If you consider a cylindrical balloon, the equations to balance tensional stress and pressure are as follows:

$$r\,P=\,t\,\sigma$$

The thickness of the rubber will typically vary approximately with $\frac1{r^2}$ so:

$$r\,P=t_0\frac{{r_0}^2}{r^2}\,\sigma$$

$$P=t_0\frac{{r_0}^2}{r^3}\,\sigma$$

The strain will vary as $\epsilon=\frac{r}{r_0}-1$ so we can put pressure in terms of strain:

$$P=\frac{t_0}{r_0(\epsilon+1)^3}\,\sigma$$

The fraction portion is the balloon's shape magnifying the natural hysteresis in the stress strain curve.

The stress strain curve of the rubber might look like this:

Stress strain curve with hysteresis

Note the stress is slightly lower when relaxing than when stretching.

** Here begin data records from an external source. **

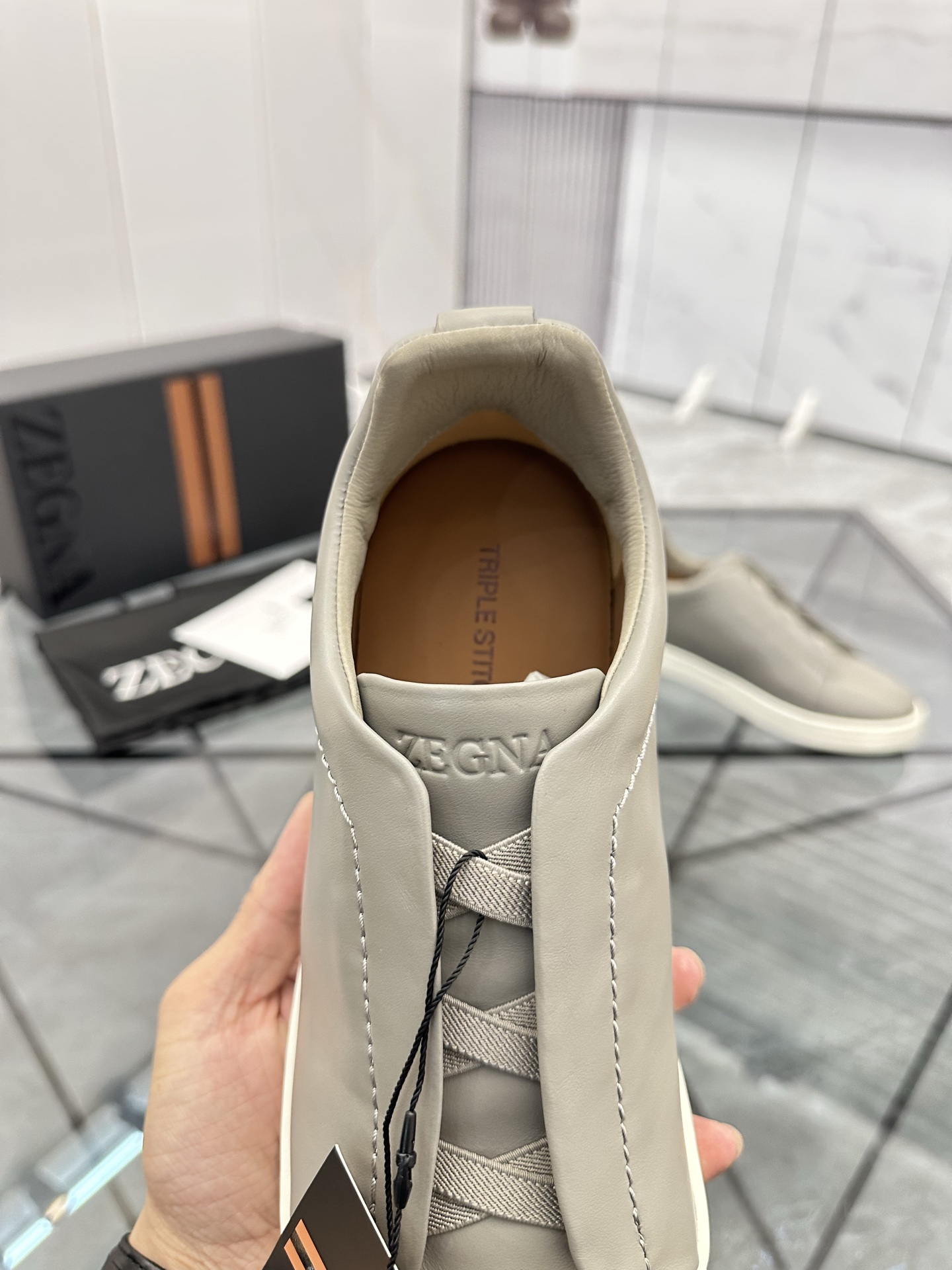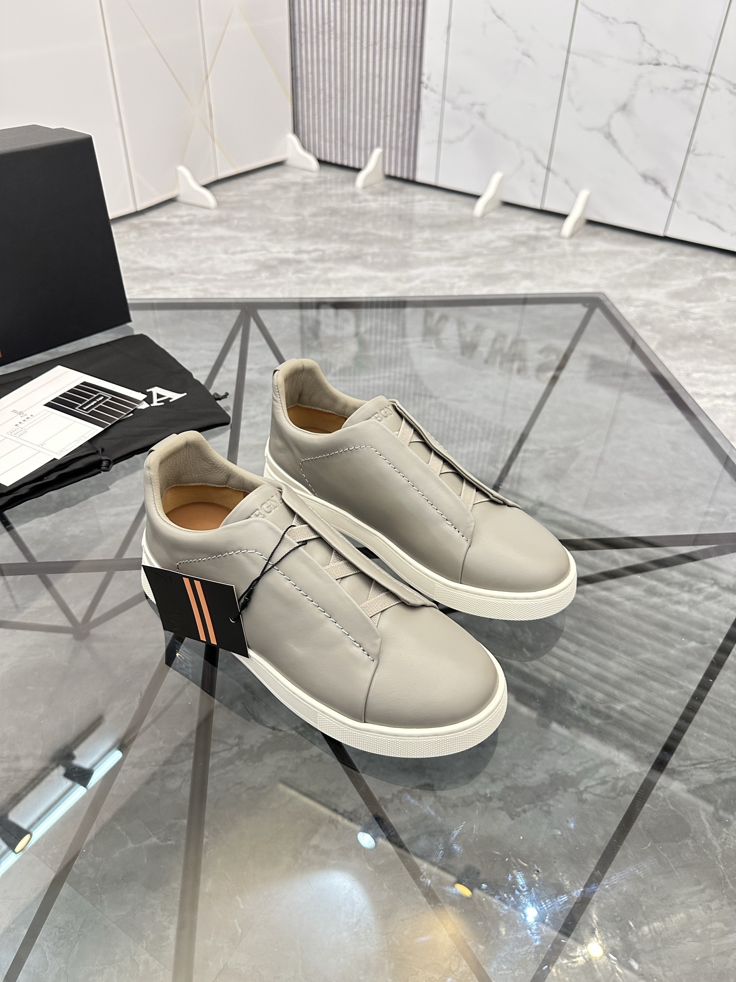 这款鞋子是AAAAA 1:1 质量 (非常棒). 使用了和原版一模一样的材料. 商标部分也保持了和杰尼亚/Zegna一样. 图片拍摄是实物鞋子拍摄, 您所收到的实物保证和我们图片一模一样.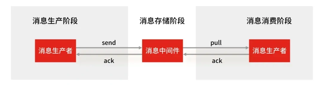 消息生产阶段:只要能正常接收到MQ中间件的ack确认响应,就表示发送成功,所以只要处理号消息的返回值和异常,如果返回异常则进行消息重发,那么这个阶段是不会出现消息丢失的。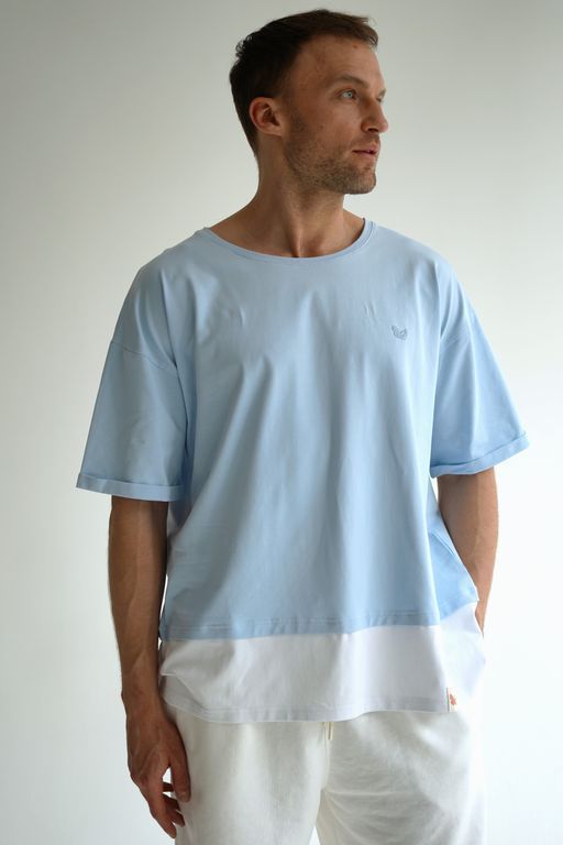Стильный и комфортный мужской костюм голубого цвета, состоящий из футболки оверсайз и шорт. Этот универсальный комплект идеально подойдёт для повседневной носки и активного отдыха.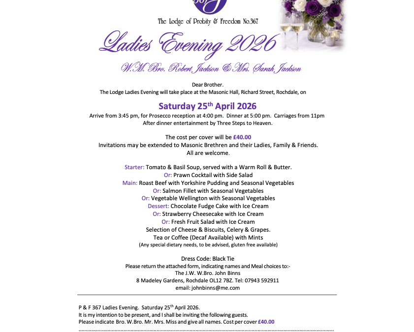 • Lodge of Probity and Freedom – Ladies Evening – 25 April 2026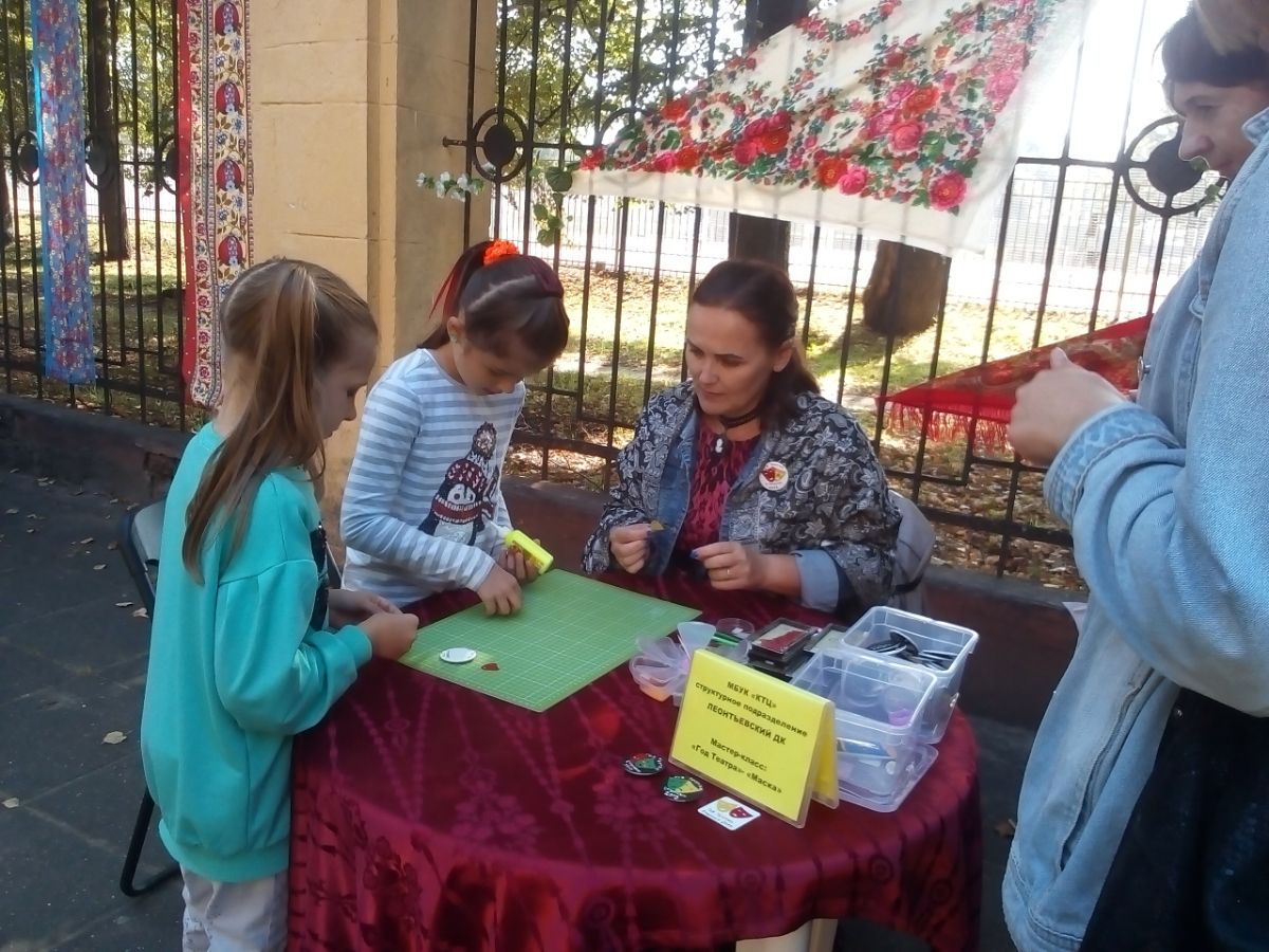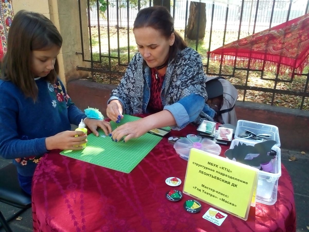 31 августа наш Дом культуры принял участие в празднике, посвящённом Дню рождения г.Ступино. Мастер-класс "Брошь "Маска"" в рамках Года театра проводит культорганизатор ДК, руководитель кружка прикладного творчества "Кудесница" С.А.Малькова.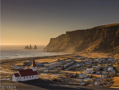 崎岖的山崖高耸在小村上方,该小村位于冰岛最南端。该地的黑色砂滩被誉为世界上最美丽的沙滩之一。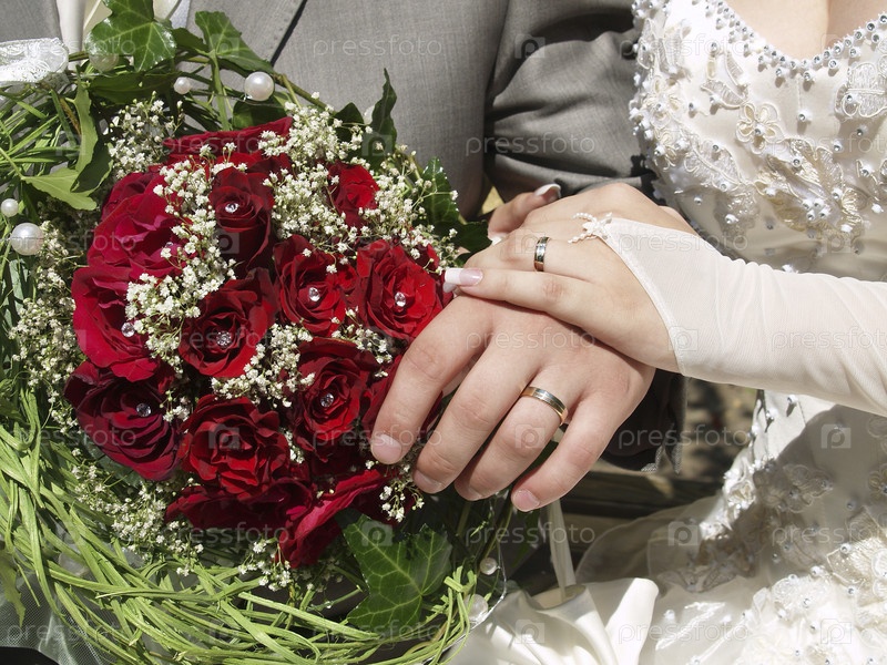 Свадебный букет и руки молодоженов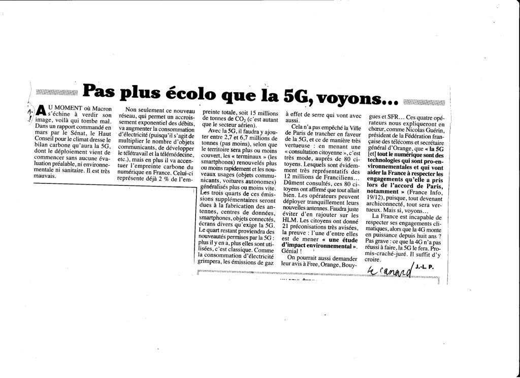 Je voulais vous transmettre une information qui concerne l'ensemble des compteurs connectés et autres sur un article du "Canard Enchaîné" concernant la 5G et vous constaterez que rien n'est fait pour informer la population des dangers réels de l'utilisation de cette technologie qui d'ailleurs ne sert que les Entreprises pour la transmission de leurs informations( Normal) mais ne change rien pour le lambda dans son utilisation de tous les jours.
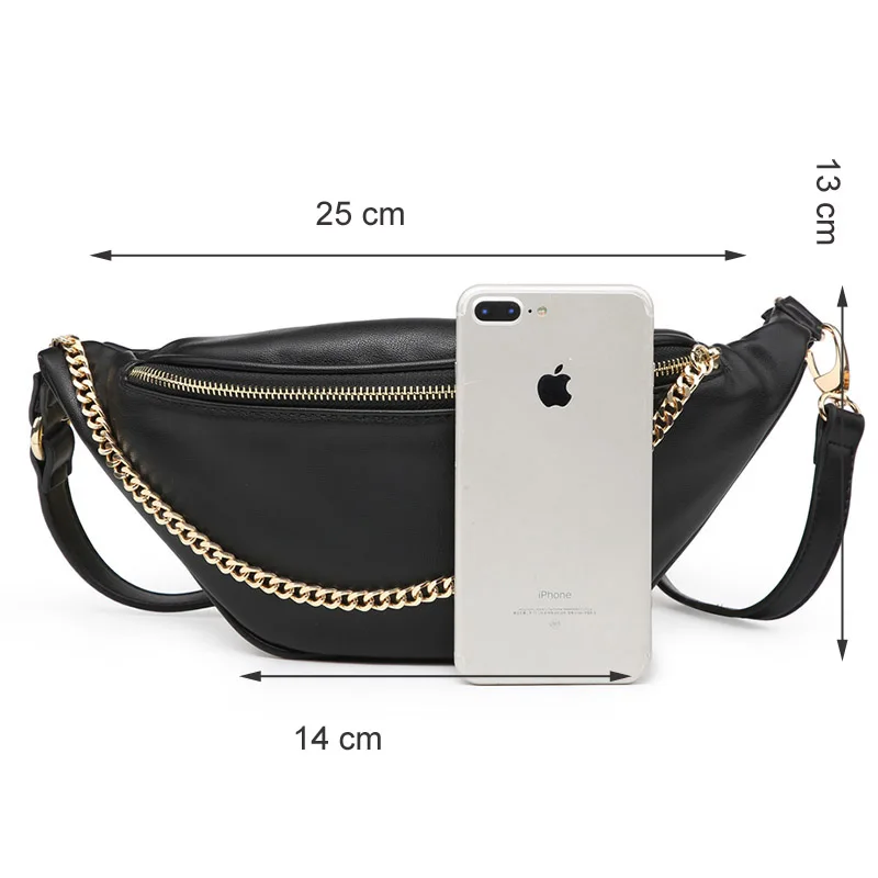 Женская поясная сумка Annmouler, черная поясная сумка из искусственной кожи с цепочкой, большая многонациональная Дамская нагрудная сумка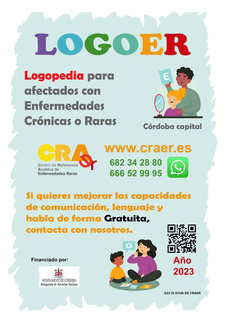 La Federación Centro de Referencia Andaluz de Enfermedades Raras (CRAER) ofrece apoyo escolar y sesiones de logopedia para menores afectados por una patología minoritaria y/o enfermedad crónica, progresiva o degenerativa gracias al proyecto “Apoyo directo y urgente a familias: Enfermedades Raras, crónicas, degenerativas y/o terminales” que financia la Delegación de Servicios Sociales del Ayuntamiento de Córdoba.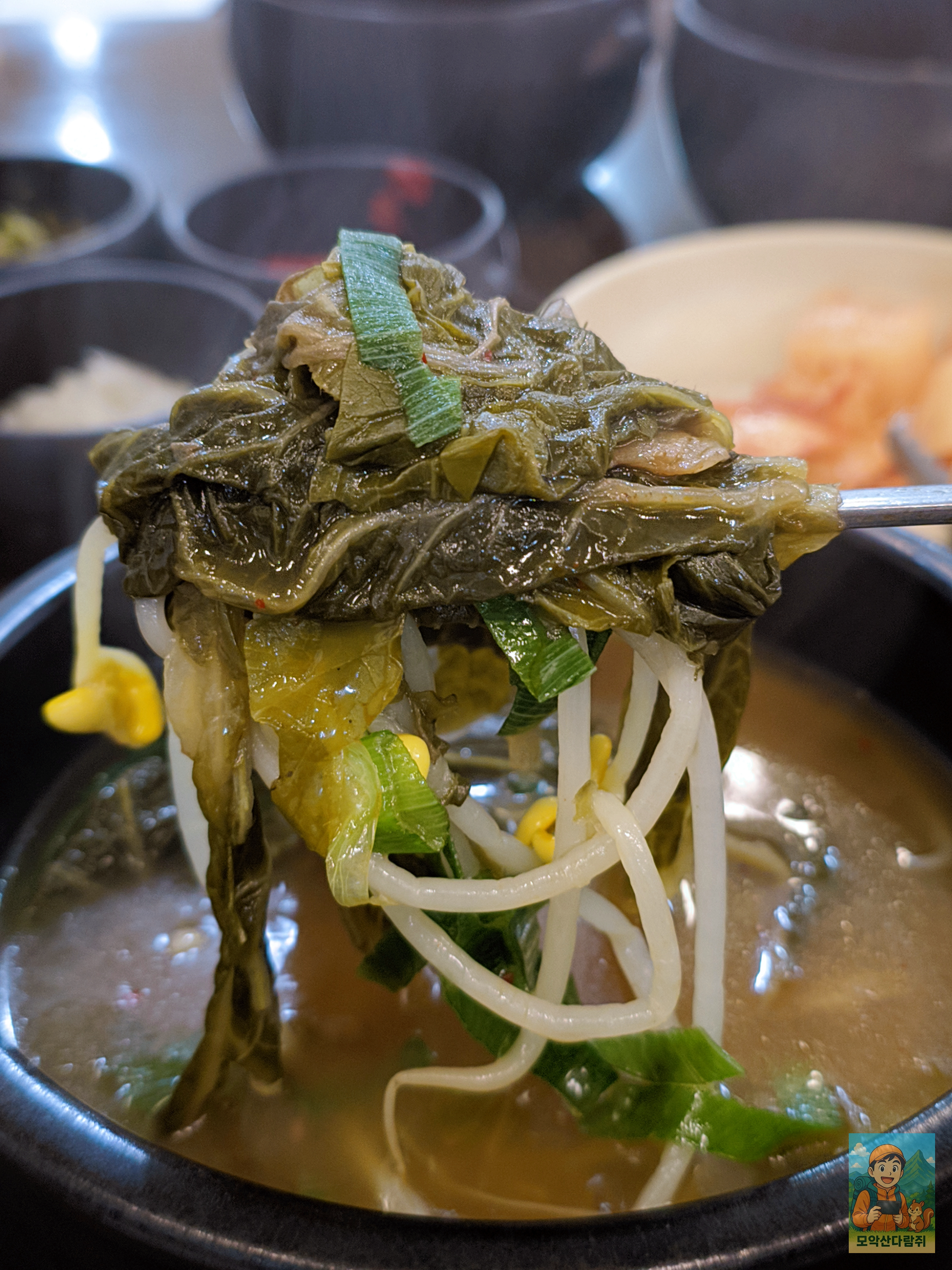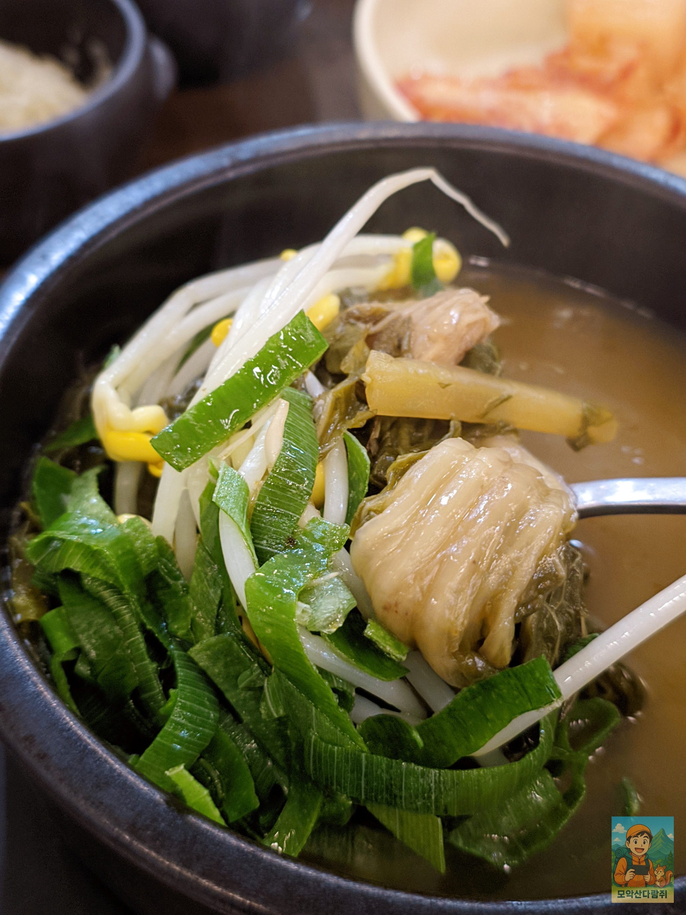 내부에는 우거지가 가득들어 있었고, 콩나물과 파들이 섞여 있었습니다.

When we multiply by the balloon effect:

Balloon effect plot.

We get something proportional to pressure vs strain when expanding vs contracting:

Pressure vs strain for balloon inflating vs deflating.

Here I've added a constant pressure line that goes between the high pressure (expanding) and low pressure (contracting) lines. If the pressure in the balloon was at the pressure corresponding to that line, then different parts of the balloon could happily maintain a stain anywhere from 1 to 6.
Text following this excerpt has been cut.